Checking Your Chimney

By Sharon Naylor

June 24, 2011 6 min read

Fall is the perfect time to schedule a professional checkup on your chimney. Over time, weather extremes, moisture and even wild animal nibbling and nesting can damage the structure of your chimney, causing perilous dangers inside and out. For instance, chimney leaks and water penetration cause rust in steel and cast iron, weakening or decomposing the metal parts. Some damages can cost a fortune down the road, and some pose serious fire threats and cause the buildup of toxic gases. If cracks and water intrusion are left to compromise your chimney and flue over time, a complete rebuild will be necessary. According to The Brick Industry Association, chimneys require special attention, inspections and maintenance to protect them from the elements.

Your chimney is not just the lead-out for your fireplace. In some instances, it is the lead-out for wood-burning stoves and your recently upgraded kitchen, as well. According to the National Fuel Gas Code, when a new appliance is installed into an existing system or an existing appliance is removed from a common vent, the entire venting system, which may include a masonry chimney, must conform to current codes.

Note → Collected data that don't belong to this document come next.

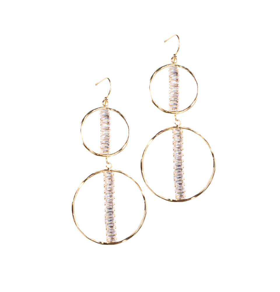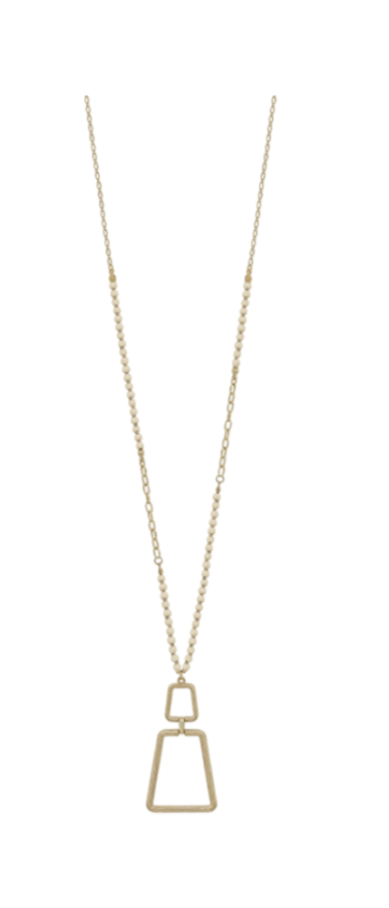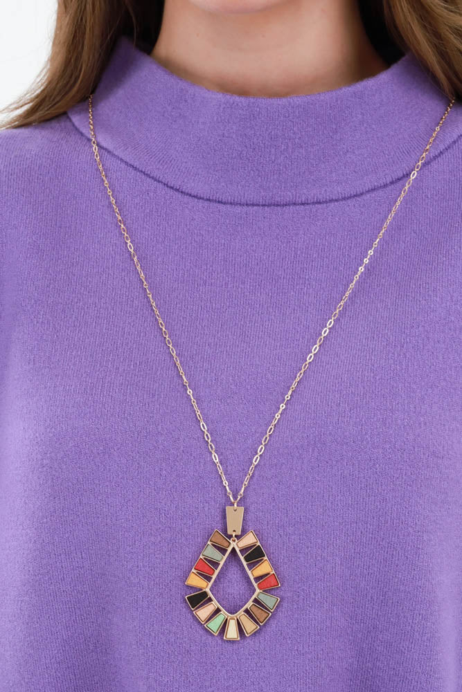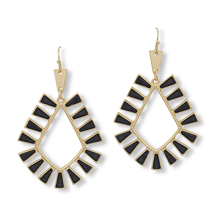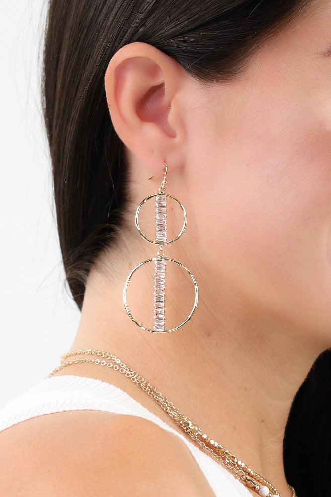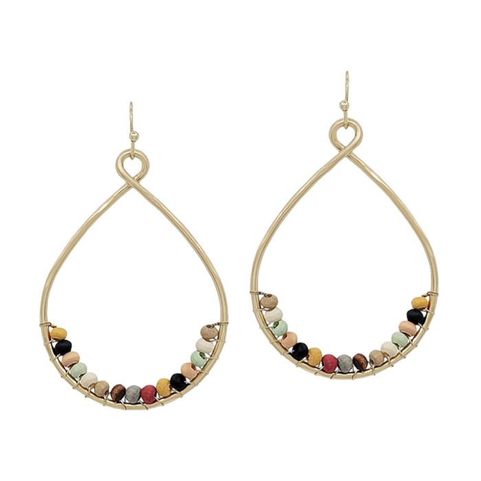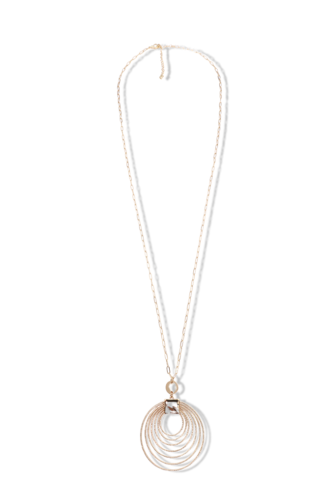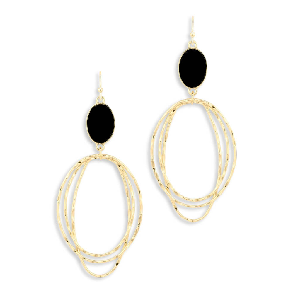 Wood Pendant and Layered Gold Ring Drop Earrings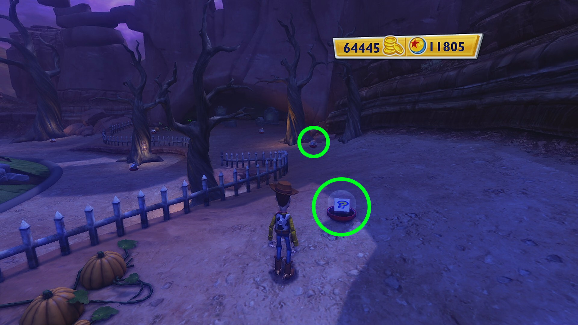 - 右手のかぼちゃの方に進むと前方に2つのカプセル (他にも目視できるけど混乱しないよう、とりあえず順番に回収していく)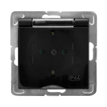 IMPRESJA MODUŁ CZARNY METALIK GNIAZDO 1X SCHUKO Z KLAPKĄ DYMNĄ IP44 Z PRZESŁONAMI ZACISKI ŚRUBOWE 16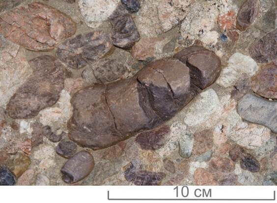 Fig. 15. Fissured cherry pebbles of trachydacite-rhyolite composition in the Jurassic conglomerates of the Bolshiye Koty area, site 25-08, photo 1344 (Mongush et al., 2023).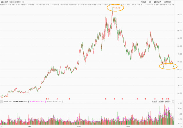 從2021年8月股價最高點到2022年12月22日收盤,昭衍新藥股價出現(xiàn)了波動下跌趨勢,從129.76元/股(前復(fù)權(quán))跌到54.70元/股,每股跌去75.06元,跌幅57.85%。即便股價在下跌過程中,上述幾位董事及其一致行動人還是實施了大規(guī)模減持套現(xiàn)。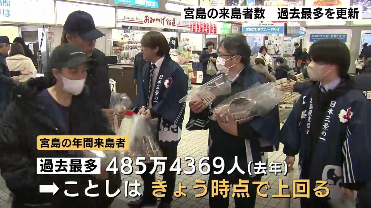 広島県にある世界遺産の宮島を訪れた人は、2年連続で過去最多を更新しました。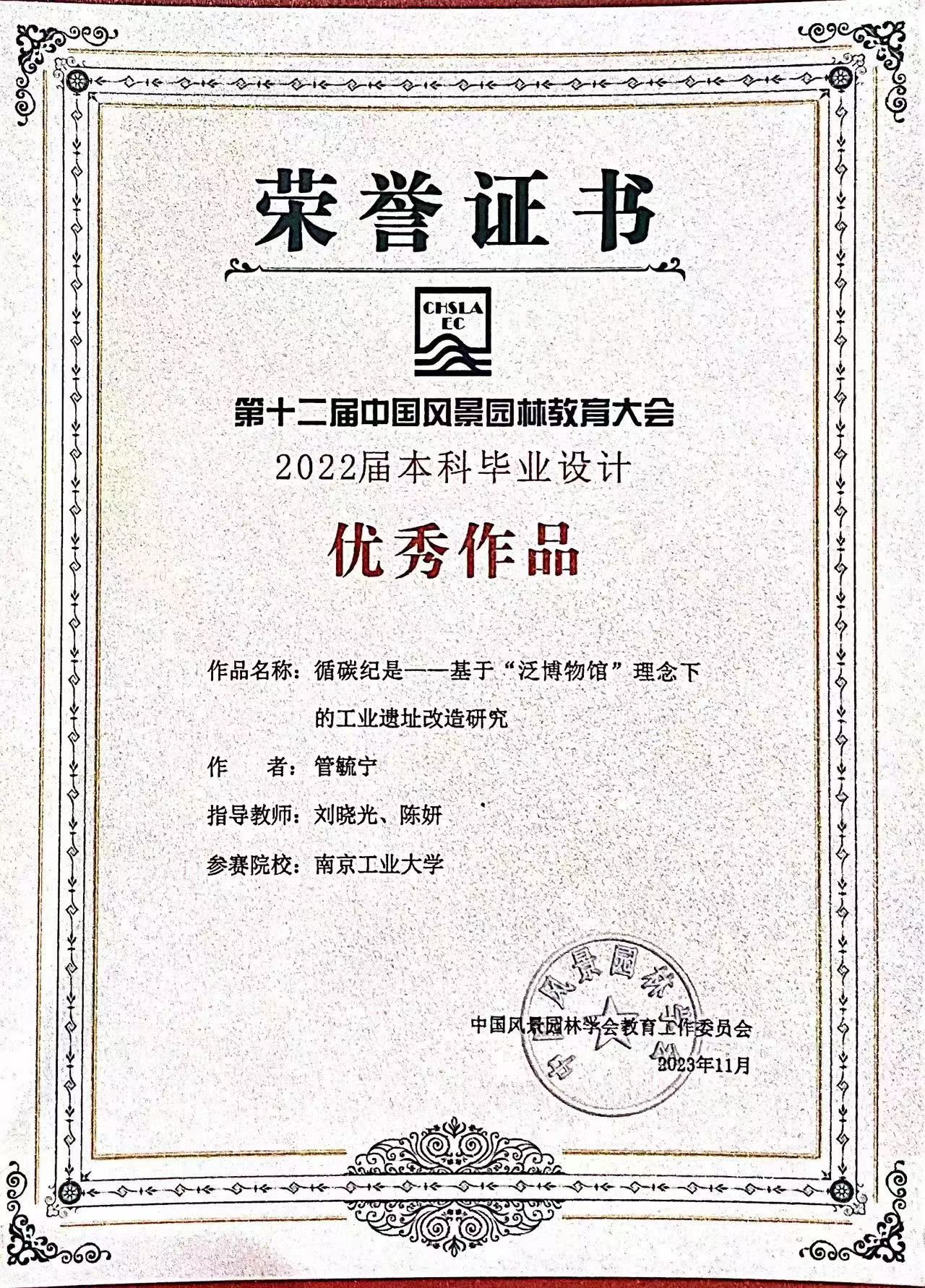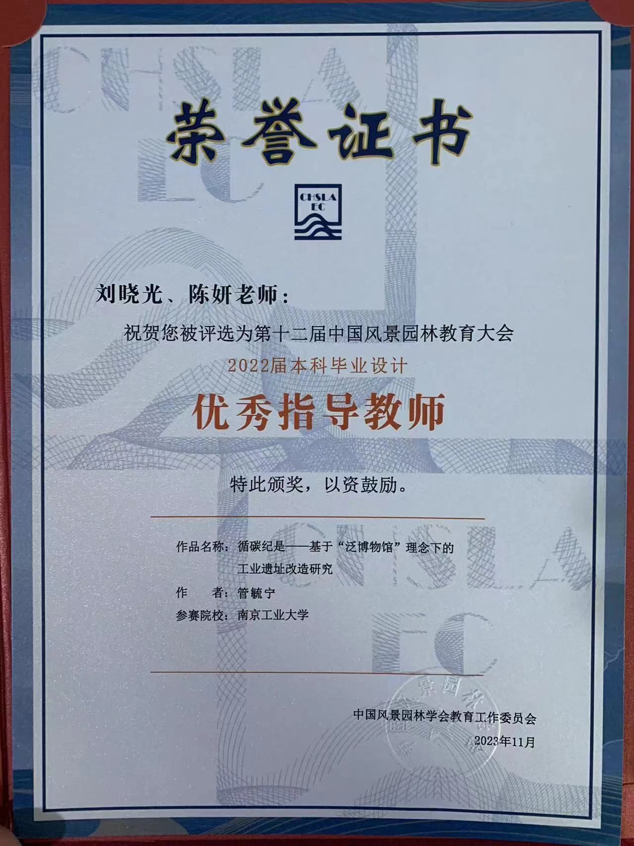 在同期举办的全国优秀本科毕业设计评选,共评选出30份优秀毕设作品。公司PA视讯风景园林专业2022届毕业生管毓宁、吴蕴涵、黄君祎的毕业设计《循碳纪是:基于“泛博物馆”理念下的工业遗址改造研究》,在刘晓光、陈妍老师两位老师的悉心指导下,经过激烈的角逐,顺利通过初评与专家终评,喜获此项荣誉,两位老师荣获“优秀指导教师”称号。

There are few fall home improvements as necessary as a thorough chimney check, and the trained professional eyes of a licensed chimney repair company will best advise you on your structural needs. Don't make the mistake of trying to save money by re-mortaring the loose bricks you see and calling it a day. Many of the dangers are inside your chimney, and experts will send down cameras to locate the weaknesses and threats to be repaired.

--Tuckpointing: The process of tuckpointing repairs the masonry mortar joints between your bricks to safeguard your structure from water intrusion and further structural weakness and damage. Expert application will repair your chimney's weak points, returning your chimney to full security and aesthetic value. Your chimney even may return to a greater waterproof standard than it had when it was first built. Many homes are more than 50 years old, so the materials used in tuckpointing and masonry are vast improvements over those decades-old mortar mixtures.

--Crumbling bricks: In advanced stages of disrepair, the faces of some bricks may chip off and fall, posing injury threats and causing weakness in your chimney structure. When bricks flake, or "shale off," the lessened thickness of the chimney wall allows cold drafts and perhaps even insects into your home.

--Crown damage: The crown of your chimney is the concrete slab on top of your chimney. If this slab cracks, it can allow moisture to enter your chimney or home, causing expensive damage. A professional can assess whether your crown needs a simple seal repair with a fast-drying sealant or needs a complete replacement to fully protect your chimney's structure and your home. As another reminder that today's repair materials are far superior to the original mixtures used decades ago, modern sealants are now available in eco-friendly formulas. Ask your chimney repair specialist about the warranties offered by the makers of such products as CrownCoat brushable sealant. Some products offer warranties of 15 years or more.

--Flashing repair: Flashing is the metal strip that connects the base of your chimney to your roofline. Flashing is immensely important, as it prevents water from seeping into this joint and entering your home. When flashing sections have warped or lifted, they require flashing seal. In extreme conditions, entirely new and improved flashing is warranted.

--Post-repair or replacement sealant: On top of any chimney repair work, such as brickwork and tuckpointing, your professional chimney repair specialist will apply a waterproof sealant. Ask questions about the type of sealant used, because some sealants have been found to dry into an unexpected hue. The most popular brands used by experts whose work is 100 percent guaranteed -- meaning they don't buy the cheap stuff -- provide full waterproofing through their modified siloxane, which reacts with the minerals in the masonry materials, creating a waterproof quarter- to half-inch layer to protect your chimney. Top-end waterproofing sealants are VOC-compliant and even protect against UV damage and atmospheric moisture. They protect against stains and are mildew- and fungus-resistant, as well as formulated to protect in freeze-thaw conditions.

Ask plenty of questions about the products your chimney repair team plans to use. It's a terrible error simply to trust that repairmen are going to show up with the best products possible. Ask for the brand names of their materials, and research them online to be sure they waterproof from the outside and are 100 percent breathable, which means they allow water vapors formed when the chimney is in use to pass through the stone and escape into the air; they are not trapped, which would cause damage to the inside of your flue. Look for 100 percent vapor-permeable materials. And ask that chimney flue liners also conform to safety codes.

Yes, chimney inspections and repairs are pricy, but they are worth every penny to protect your home and family.